Como ocorre em todo final de ciclo, a imprensa vai apalpando aos poucos
o novo terreno, para ver se há terra firme para começar a nova etapa.
Depois que se divulgou aqui a fundação de R$ 2,5 bi, levou alguns dias
para começar a repercussão. Era um escândalo óbvio, mas os jornalistas
precisam saber se já existe apoio tácito para a mudança na cobertura.
O apoio veio, as matérias começam a pipocar. Não virá de uma só vez,
porque os jornais teriam que explicar a parceria de tantos anos com esse
grupo. Mas a arte e o engenho jornalístico encontrarão narrativas
adequadas. Colocarão lupa nas parcerias entre Rosângela Moro e Carlos
Zucolotto, esmiuçarão os honorários dos advogados da delação, levantarão
o aumento de patrimônio de Deltan Dallagnol, com as palestras pagas,
cobrarão dele a fundação que disse que iria constituir com dinheiro das
palestras, e que sumiu do noticiário, checarão o caso Tacla Duran, e a
proposta de tacada de Zucolotto, falando em nome da Lava Jato.

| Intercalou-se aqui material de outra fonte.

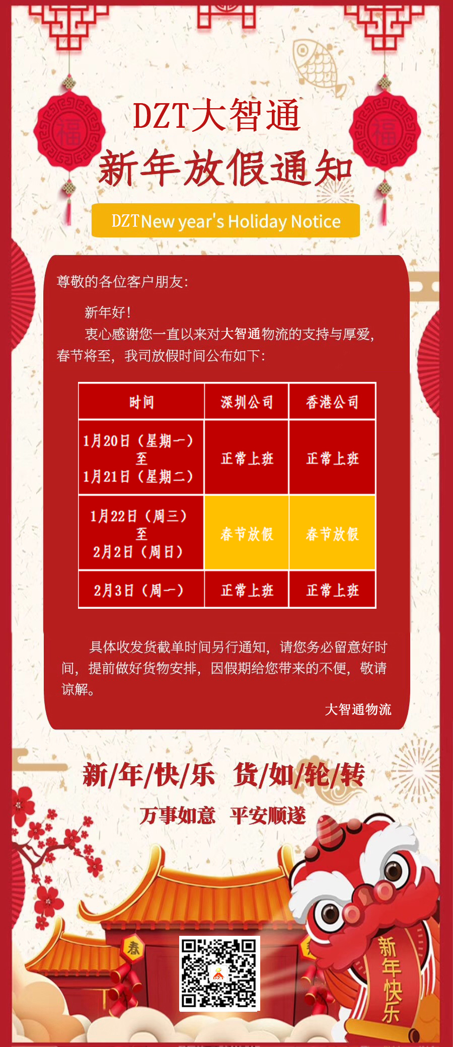 大智通國際物流春節(jié)放假通知
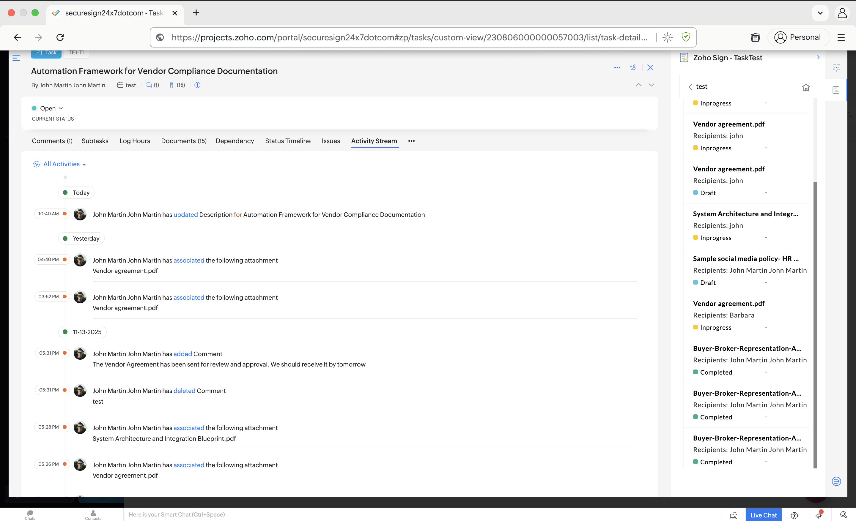 With this integration, users can now send documents for signatures, track their progress, and manage approvals—all without leaving Zoho Projects.
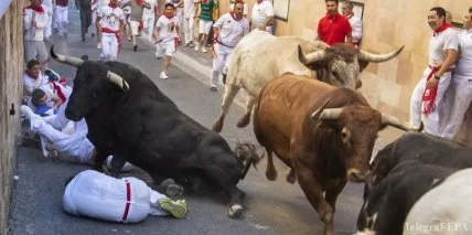Красный Крест сообщил, что на этот раз никто не пострадал от укола бычьих рогов. Двое получили травмы руки после падения, двое других - ушибы головы, еще один человек получил травму грудной клетки.
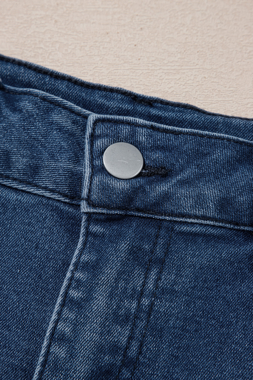 Zip fly and button closure, side and patched back pockets.
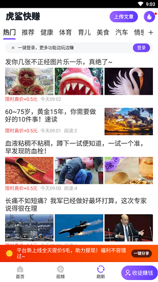 虎鲨快赚是一款看文章赚钱的app,你在这里只需要看文章,然后转发出去就可以赚钱,而且平台有大量的优质的文章可以看,平时没事的时候可以看看打发时间,你还在等什么呢,快点来下载体验吧!

Tudo isso já foi levantado por veículos independentes, furando a
barreira de silêncio da mídia. Portanto, haverá apenas o trabalho de
aprofundar as pautas.
Em um ponto qualquer do futuro, é possível até que divulguem o martírio
de Lula, as humilhações impostas a ele e Marisa, a perseguição
implacável que atingiu os familiares e pode ter sido causa da morte do
neto. E alguma reportagem lembrará que, com uma entrevista, o procurador
Carlos Fernando dos Santos Lima, decretou o fim de qualquer
possibilidade de salvar as empresas de engenharia brasileira. Já existem
levantamentos criteriosos sobre os prejuízos trazidos à economia. E
serão cobrados, também, o ex-Procurador Geral Rodrigo Janot, e seu
companheiro de noitadas Ministro José Eduardo Cardozo, pela falta de
coragem de enfrentar as turbas, em um tema de interesse nacional.
Haverá perfis detalhados sobre o deslumbramento das Hardt, dos
Dallangoll. Suas incursões pela iniciativa privada, com consultorias de
compliance e o escambau, serão acompanhadas minuciosamente.
Tudo isso por uma lógica fatal. Como operações dessa natureza dão
celebridade imediata a pessoas sem história, não há como conter o
excesso de ambição que sempre atinge esses tipos.
E a ambição da Lava Jato foi gigantesca, de R$ 2,5 bilhões.